On 1/10/2012 9:56 AM, John Gilmore wrote:
I too have some sympathy with Paul Gilmartin's objectives, but a
twos-complement representation of a hardware clock would be
problematic in many ways.

Dates alone are of course unproblematic.  A signed fullword
Gregorian-Day value is usable to represent dates ±5.8 million years
about the Gregorian calendar's epoch origin, midnight, Sunday, 0000
December 31; a signed doubleword one would take us back to the Big
Bang.

Moreover, dates are enough for most events that occurred before AD
1900.  Apart from those of certain astronomical events--Eclipses are
the obvious example--that can be calculated with great precision, the
time-of-day of these events is not usually known with any precision.

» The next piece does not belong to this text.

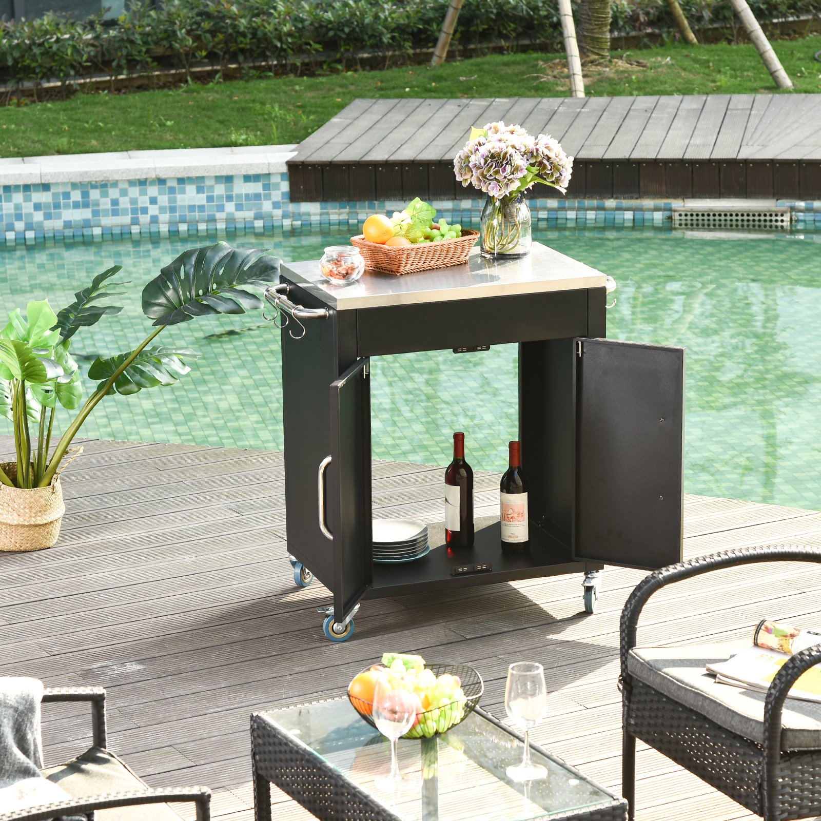 - Das schwarze Design macht den Servierwagen einfach und dezent.
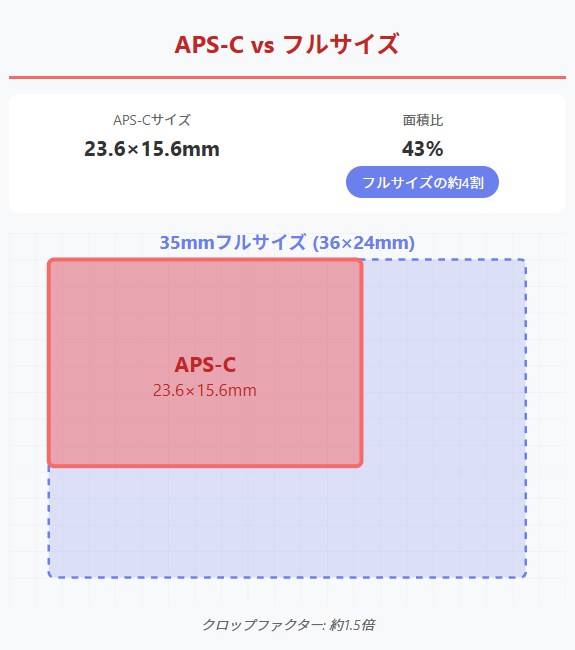 | APS-C | 23.6×15.6 | 13倍 | ミラーレス・一眼レフ |

More on-topic is the fact that arithmetic with STCKE values is not
difficult.  There are indeed contexts in which it is trivial.
Mathematicians who are interested in prime number sequences and
densities have had multiple-precision binary arithmetic packages
available to them since the days of the IBM 704.

Or again, because I write a lot of AMODE(64) code, I have written a
set of macros that do multiple-precision binary arithmetic using
signed-fullword arithmetic set-symbol elements; and there is reason to
believe that [too] many others have had to write such macros too.

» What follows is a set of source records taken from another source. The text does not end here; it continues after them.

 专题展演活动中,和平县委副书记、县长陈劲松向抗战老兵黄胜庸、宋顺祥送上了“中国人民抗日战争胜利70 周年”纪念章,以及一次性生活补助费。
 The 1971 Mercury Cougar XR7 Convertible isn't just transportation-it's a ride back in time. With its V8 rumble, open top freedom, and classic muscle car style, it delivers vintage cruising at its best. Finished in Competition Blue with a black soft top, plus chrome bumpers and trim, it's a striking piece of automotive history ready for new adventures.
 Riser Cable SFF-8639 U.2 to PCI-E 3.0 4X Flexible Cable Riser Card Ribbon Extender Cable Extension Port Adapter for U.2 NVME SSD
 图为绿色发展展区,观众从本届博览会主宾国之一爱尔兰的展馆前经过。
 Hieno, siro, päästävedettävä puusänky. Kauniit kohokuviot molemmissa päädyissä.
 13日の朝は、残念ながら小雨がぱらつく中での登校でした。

I see "unproblematic" and "not difficult".  I'm at a loss concerning
what you
do find "problematic".  Perhaps the behavior of the clock comparator on
signed values?

Of course, I wrote that aware that you'd find any representation other
than integral day ordinal an inferior choice.


One comment on terminology is in order here too.  In the light of the
substance of Swift's 'modest proposal'  Paul Gilmartin's 'immodest
proposal' merits description as one.

If I'm indicted for the sort of naive etymological reversal that transforms
"university" to "multiversity", I must plead, "guilty".